Howdy doo Jo, Dogs here with your review today. We got a lotta work to do so lets dive in shall we?

Ok firstly, this is not in a poetry format. This is just a block of text like a short story. You need to create stanzas and lines. A stanza is composed of several poetic lines that are broken up strategically to help create flow and rhythm. So the first couple lines should look like:

"When life brings you down
and you feel like you have no were to go,
and your looking back and seeing
all the memories flowing through your mind."

Something along those lines, building off of that that sentence is a huge run on and is still lacking a little poetic feel. So then describe what the memories look like when you're looking back, are they amorphous blobs of color or are they a trickling river of images? You need to clarify this for the reader so we can see what you are seeing. Your job as a writer is to create an image so strong for the reader that we see the picture you've painted with your words. You lack that excellent imagery you'll find in several poems. To help create that imagery you can use metaphors and similes. Those two are you greatest friends to being an amazing poet.

I'm not going to go into the large amount of grammar and spelling errors you use here, but if you're having problems with grammar and spelling I'd suggest you copy and paste your writing into a word document and use the spell/grammar check there. It'll help your writing a lot trust me.

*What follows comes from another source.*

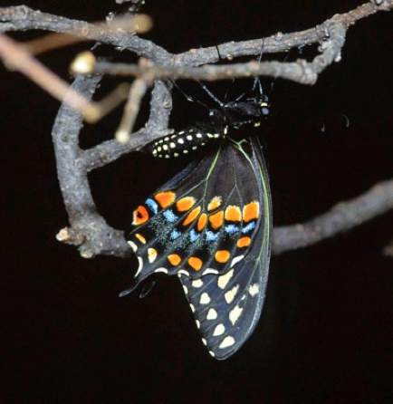 caterpillar on fennel. Below: The adult butterfly just emerged from
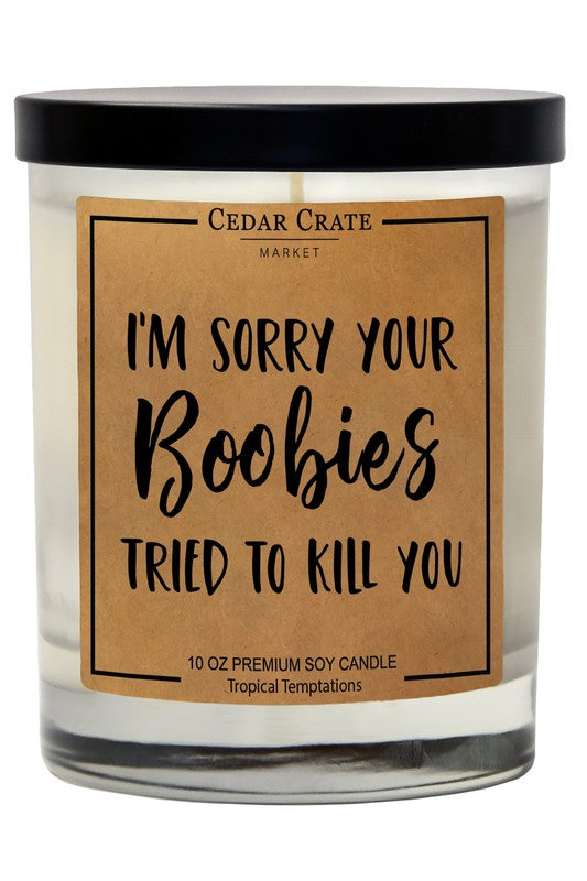 Sorry Your Boobies Tried To Kill You Soy Candle

So please let me know if you correct this piece into a more poem like format and I'd be more then happy to give you a review :). Keep up the good work!

TuckEr EllsworTh :smt032




jolene15 says...


I have fixed the words so they are in a stack form but I do not completely understand what you mean by
"You lack that excellent imagery you'll find in several poems. To help create that imagery you can use metaphors and similes. Those two are you greatest friends to being an amazing poet."
I get some what were your going but I just write for fun and to get my feelings out instead of talking to someone about what is going on in my life.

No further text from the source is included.